Pay Phone Owner Gets 3 Months In $4M Fraud Case
GREENBELT, Md. (AP) -- A Washington-area pay phone owner who rigged phones to automatically dial toll-free numbers, fraudulently ringing up $4 million in 50-cent fees, was sentenced Wednesday to three months in prison.
Nicolaos Kantartzis pleaded guilty in September to using more than 100 pay phones to make phantom calls. Because the calls are free to legitimate users, the party getting the call pays costs that include a cut for the pay phone operator. Kantartzis, 63, was paid each time his phones rang the numbers, even though most calls lasted only a few seconds.
Authorities said his scheme spanned six years and some 8 million bogus calls.
Kantartzis' attorney, David Irwin, said his client repaid the millions he earned from the scheme and forfeited his phones, which have since been disconnected. Irwin told a federal judge in Maryland that the fraud had ruined his client and that he would eventually be moving back to his native Greece with his wife, a former diplomat, because it is less expensive to live there.
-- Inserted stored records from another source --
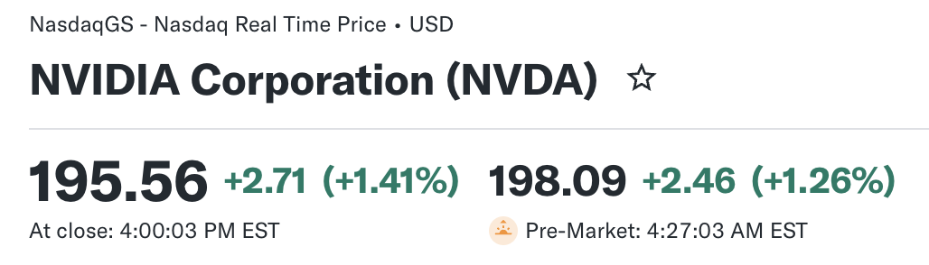 财报发布后英伟达盘后股价报198.09美元,较收盘价195.56美元上涨约1.26%。此前盘中收盘已涨1.41%,意味着市场对财报有所预期,部分利好已提前消化。
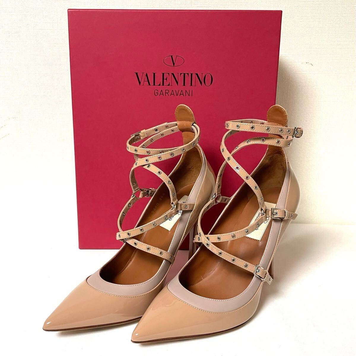 - 美品 外箱付き ヴァレンティノガラヴァーニ パンプス スタッズ ピンクページュ
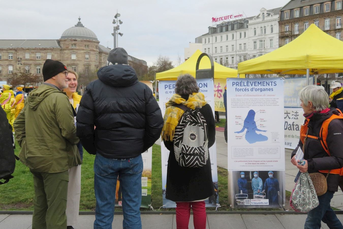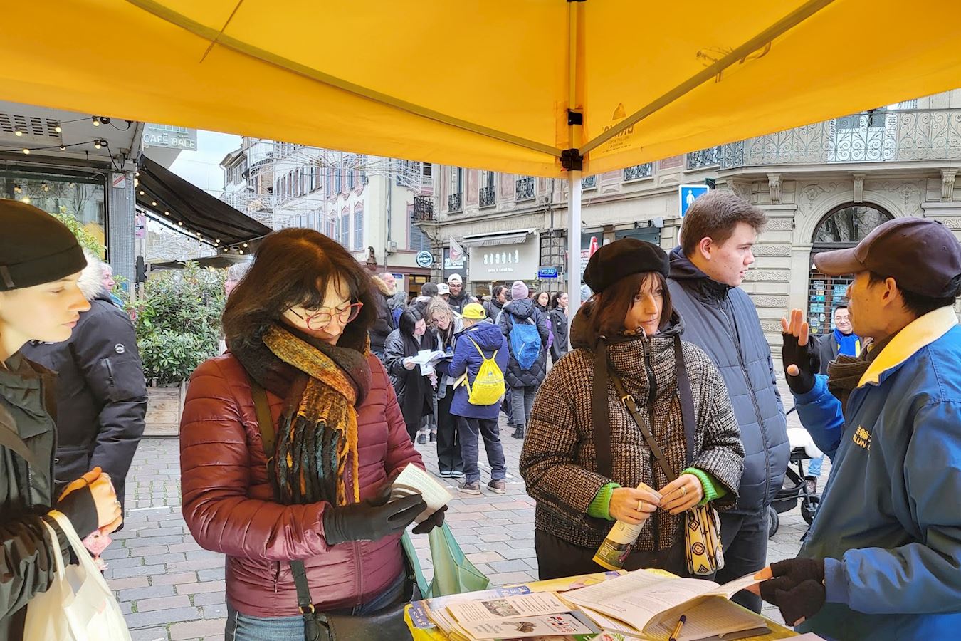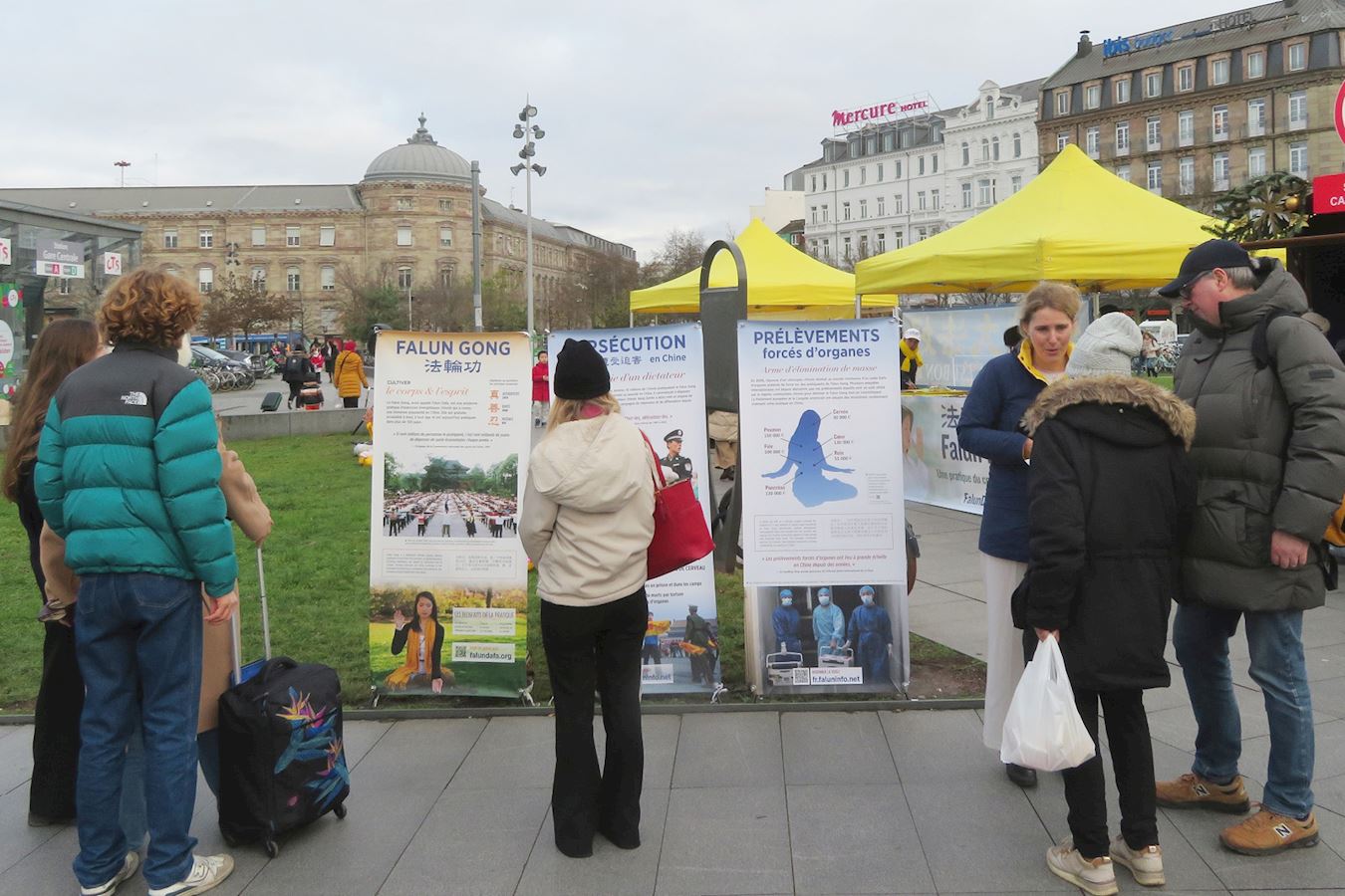 正值圣诞市场开启,人流量很大。连续两天,在火车站广场、奥斯特利茨广场(Place Austerlitz)和科尔博广场(Place du Corbeau)分别设立了真相点,法轮功学员的功法演示、腰鼓,吸引了很多游人民众驻足观看并前来了解真相。
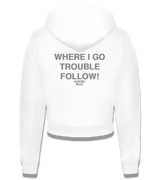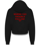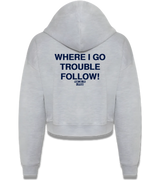 "WHERE I GO TROUBLE FOLLOW!" Cropped Zip Hoodie
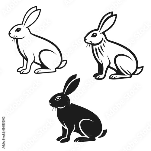 Detailed vector illustrations of rabbits in black and white designs for diverse applications
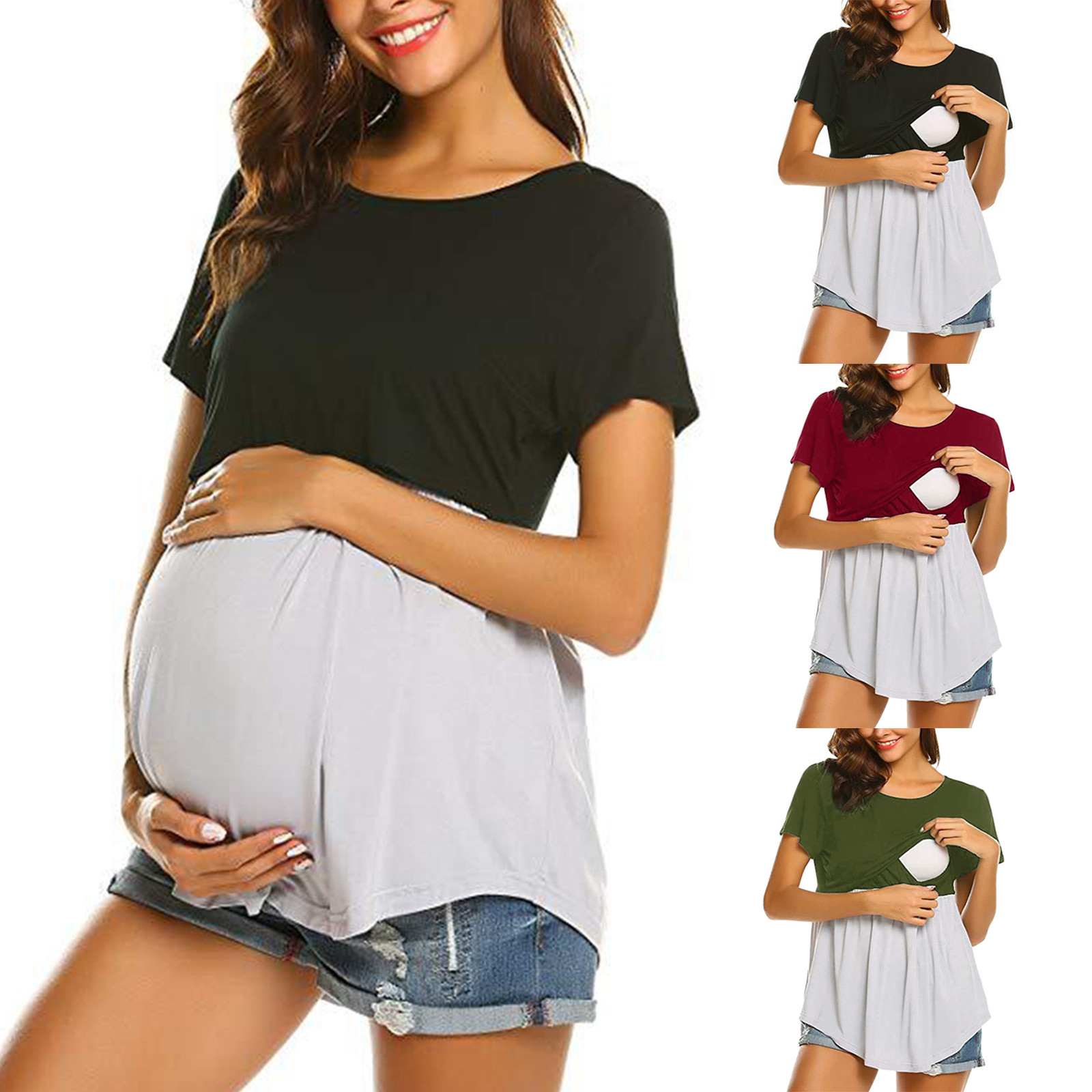Повседневная Футболка для беременных с круглым вырезом и коротким рукавом

Kantartzis told the judge he accepted responsibility and had been motivated by his "failing business" as pay phones became less profitable with the use of cell phones.
Federal sentencing guidelines recommended that Kantartzis serve approximately five to six years in prison, but Judge Roger W. Titus disagreed, noting in part that Kantartzis had repaid the money.
The judge said Kantartzis had picked a dying industry and that the courthouse, once teeming with pay phones, had gotten rid of many. Kantartzis will also serve three months on home confinement and pay a $20,000 fine.
Prosecutors wrote in court documents that Kantartzis has owned a pay-phone company since 1995 and controlled at least 165 phones in Washington and nearby Maryland. Starting in January 2005, he used a computer at his home in Bethesda to program the phones to place calls to toll-free numbers for government agencies, companies including Dell and multiple airlines.
Kantartzis was caught after an employee at the government's General Services Administration noticed an irregular pattern of incoming calls on the agency's toll free line and launched an investigation. Inspector General Brian D. Miller said in a statement he hopes Kantartzis' sentence serves as a warning to others.
Kantartzis scheme isn't unique. Two Wisconsin men were charged last year with a similar but smaller operation. Prosecutors say they fraudulently obtained more than $1 million over three years.